All men look nerdy in black socks and sandals.

The way a man looks at himself in a mirror will tell you if he can ever care about anyone else.

Don't try to teach men how to do anything in public. They can learn in private; in public they have to know.

Men who are going bald often wear baseball caps.

All men are afraid of eyelash curlers. I sleep with one under my pillow, instead of a gun.

A good place to meet a man is at the dry cleaner. These men usually have jobs and bathe.

Men love watches with multiple functions. My husband has one that is a combination address book, telescope and piano.

All men hate to hear "We need to talk about our relationship." These seven words strike fear in the heart of even General Schwarzkopf.

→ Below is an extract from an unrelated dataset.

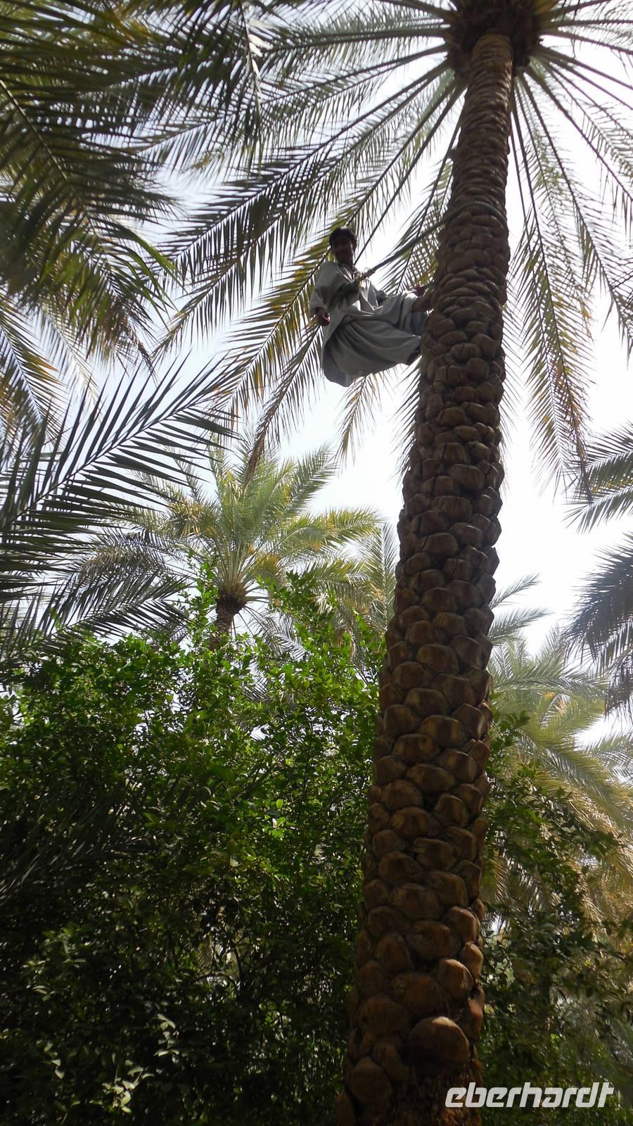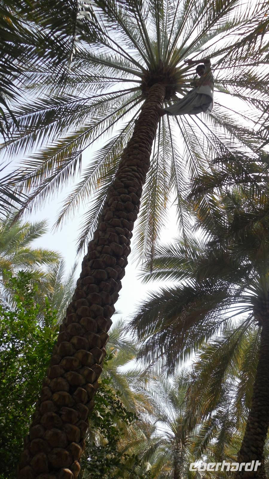 Der Palmengarten oder der spätere Kamelmarkt sind ebenso sehenswert wie das Museum von Al Ain. Wir spazierten durch die ursprüngliche natürliche Oase und lernten hier einen Palmenkletterer kennen, der für uns auf die Palme hoch und runter stieg. Er hatte für uns auch leckere Palmendatteln zu verkosten und zu verkaufen. Wenn man die Datteln mit Speck in der Pfanne brät, schmecken diese sehr gut.

Men are sensitive in strange ways. If a man has built a fire and the last log does not burn, he will take it personally.

Men are brave enough to go to war, but they are not brave enough to get a bikini wax.

All men think that they're nice guys. Some of them are not. Contact me for a list of names.

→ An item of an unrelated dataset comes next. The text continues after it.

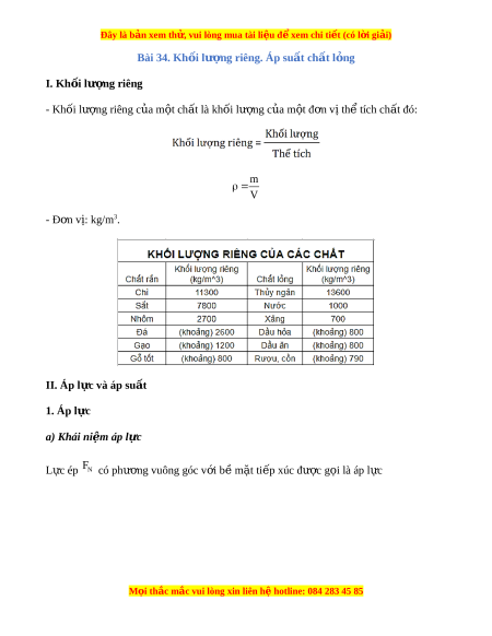 Đây là bản xem th , vu ử i lòng mua tài li u ệ đ xe ể m chi ti t (c ế ó l i ờ gi i ả ) Bài 34. Kh i ố lư ng ợ riêng. Áp su t ấ ch t ấ l ng ỏ I. Kh i ố lư ng ri ợ êng - Khối lư ng r ợ iêng c a m ủ t ộ ch t ấ là kh i ố lư ng c ợ a m ủ t ộ đ n v ơ t ị h t ể ích ch t ấ đó: m V - Đ n v ơ : ị kg/m3. II. Áp l c và áp s ự u t ấ 1. Áp l c ự a) Khái ni m ệ áp l c ự

Men don't get cellulite. God might just be a man.

Men have an easier time buying bathing suits. Women have two types: depressing and more depressing. Men have two types: nerdy and not nerdy.

Men have higher body temperatures than women. If your heating goes out in winter, I recommend sleeping next to a man. Men are like portable heaters that snore.

Women take clothing much more seriously than men. I've never seen a man walk into a party and say "Oh, my God, I'm so embarrassed; get me out of here. There's another man wearing a black tuxedo."

Most men hate to shop. That's why the men's department is usually on the first floor of a department store, two inches from the door.

If a man prepares dinner for you and the salad contains three or more types of lettuce, he is serious.

If you're dating a man who you think might be "Mr. Right," if he a) got older, B) got a new job, or c) visited a psychiatrist, you are in for a nasty surprise. The cocoon-to-butterfly theory only works on cocoons and butterflies.

Men own basketball teams. Every year cheerleaders' outfits get tighter and briefer, and players' shorts get baggier and longer.

No man is charming all of the time. Even Cary Grant is on record saying he wished he could be Cary Grant.

When four or more men get together, they talk about sports.

When four or more women get together, they talk about men.

Not one man in a beer commercial has a beer belly.

Men are less sentimental than women. No man has ever seen the movie THE WAY WE WERE twice, voluntarily.

Most women are introspective: "Am I in love? Am I emotionally and creatively fulfilled?" Most men are outrospective: "Did my team win? How's my car?"

If a man says, "I'll call you," and he doesn't, he didn't forget, he didn't lose your number, he didn't die. He just didn't want to call you.

Men hate to lose. I once beat my husband at tennis. I asked him, "Are we going to have sex again?" He said, "Yes, but not with each other."

Men who can eat anything they want and not gain weight should do it out of sight of women.

Getting rid of a man without hurting his masculinity is a problem. "Get out" and "I never want to see you again" might sound like a challenge. If you want to get rid of a man, I suggest saying, "I love you, I want to marry you, I want to have your children." Sometimes they leave skid marks.

Men accept compliments much better than women do. Example: "Mitch, you look great." Mitch: "Thanks." On the other side: "Ruth, you look great." Ruth: "I do? Must be the lighting."

Impulse buying is not macho. Men rarely call the Home Shopping Network.

Men who listen to classical music tend not to spit.

Only men who have worn a ski suit understand how complicated it is for a woman to go to the bathroom when she's wearing a jumpsuit.

Men don't feel the urge to get married as quickly as women do because their clothes all button and zip in the front. Women's dresses usually button and zip in the back. We need men emotionally and sexually, but we also need men to help us get dressed.

Men are self-confident because they grow up identifying with superheroes. Women have bad self-images because they grow up identifying with Barbie.

When a woman tries on clothing from her closet that feels tight, she will assume she has gained weight. When a man tries something from his closet that feels tight, he will assume the clothing has shrunk.

Male menopause is a lot more fun than female menopause. With female menopause you gain weight and get hot flashes. Male menopause - you get to date young girls and drive motorcycles.

Men forget everything; women remember everything.

That's why men need instant replays in sports. They've already forgotten what happened.

Men would like monogamy better if it sounded less like monotony.

All men would still really like to own a train set.


----------



## love2482 (Feb 28, 2008)

HAHA those are cute!


----------



## Sheikah (Feb 28, 2008)

Love them, thanks!


----------



## GlossyAbby (Feb 28, 2008)

haha


----------



## S. Lisa Smith (Feb 28, 2008)

Very true!!


----------



## Shelley (Feb 29, 2008)

Rita Rudner is hilarious, lol.


----------



## Adrienne (May 29, 2008)

haha


----------



## ticki (May 30, 2008)

nice! she's great!


----------



## bulbul (Jun 3, 2008)

ahahahahh


----------